DEV Community

loading...

String Compression

codewithml profile image CodeWithML Updated on ・2 min read

Problem statement : Write a function to Compress a given string. Only return the compressed string if it saves space.

Difficulty level: Easy


Test Cases

  • 'AAABAACCDDDD' ---> 'A3BA2C2D4'
  • 'BAAACCDDDD' ---> 'BA3C2D4'
  • 'AABBCC' --> 'AABBCC'
  • 'BBBAACCCCDD' --> 'B3A2C4D2'

Algorithm

  • Setup a pointer at first character of string, initialise an empty string and a counter.
  • Iterate through the string and check if character is equal to the first character of the string.
    • if both are equal increment counter.
  • Else,

    • add the first character and it's count to result string.
      • if count is greater than 1 then only add count to the result string.
      • Else, add an empty string to the result string.
    • now, the first character will be the current character.
    • reset the counter value to 1.
  • Add the last character and it's count to result string.
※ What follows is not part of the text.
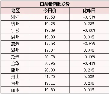 二、浙江省白肉批发价 据浙江放心肉商情网样本屠宰企业监测数据统计 (单位:元/公斤)

  • Return the resultant compressed string if it's length is less than the given string, else return the given string.

Time and Space Complexity

  • Time complexity: O(n)
  • Space complexity: O(n)

Code

class CompressString(object):
    def compress(self, input):
        if input is None or not input:
            return input
        result = ''
        count = 0
        prev_char = input[0]
        for char in input:
            if char == prev_char:
                count += 1
            else:
                result += prev_char + (str(count) if count > 1 else '')
                prev_char = char
                count = 1
        result += prev_char + (str(count) if count > 1 else '')
        return result if len(result) < len(input) else input

More precise compression

class CompressString(object):
    def compress(self, input):
        if input is None or not input:
            return input
        result = ''
        count = 0
        prev_char = input[0]
        for char in input:
            if char == prev_char:
                count += 1
            else:
               if count > 2:
                    result += prev_char + (str(count))
                    prev_char = char
                    count = 1
               elif count == 1:
                    result += prev_char
                    count = 1
                    prev_char = char
               else:
                    result += prev_char
                    result += prev_char
                    count = 1
                    prev_char = char
        result += prev_char + (str(count) if count > 2 else prev_char)
        return result if len(result) < len(input) else input

Test

import unittest
from compressString import CompressString


class TestCompress(unittest.TestCase):

    def testCompress(self, func):
        self.assertEqual(func(None), None)
        self.assertEqual(func(''), '')
        self.assertEqual(func('AABBCC'), 'AABBCC')
        self.assertEqual(func('AAABCCDDDDE'), 'A3BC2D4E')
        self.assertEqual(func('BAAACCDDDD'), 'BA3C2D4')
        self.assertEqual(func('AAABAACCDDDD'), 'A3BA2C2D4')
        print('Success: testCompress')


def main():
    test = TestCompress()
    compress_string = CompressString()
    test.testCompress(compress_string.compress)


if __name__ == '__main__':
    main()

Original article

Github solution

Happy Coding !

Discussion (5)

pic
Editor guide
Collapse
hanpari profile image
Pavel Morava

Here a little trick you may find useful

from itertools import groupby
"".join(f"{i}{len(list(j))}" for i, j in groupby("AAABBAAA"))
>>> 'A3B2A3'
Collapse
codewithml profile image
CodeWithML Author

I didn't know that, looks really neat. Thanks for the tip. 🌟

Collapse
hanpari profile image
Pavel Morava

You are welcome. Another little tip. I would get rid of the class completely being you.
Python can have independent functions, I would suggest to use them :)

Collapse
grodzickir profile image
Ryszard Grodzicki

Simple improvement proposal: you could remove the last check by replacing chars only if there are more than 2 in a row.
Replacing 'CC' with 'C2' never saves space. Replacing more than 2 characters always saves space. So you would either return the same input string or return compressed string that's shorter than original.

Collapse
codewithml profile image
CodeWithML Author

I could do something like if count is more than 2 than add the character with count, if count is 1, than only add the character , and lastly if count is exactly 2, then add the character 2 times, so it would remain same as original string.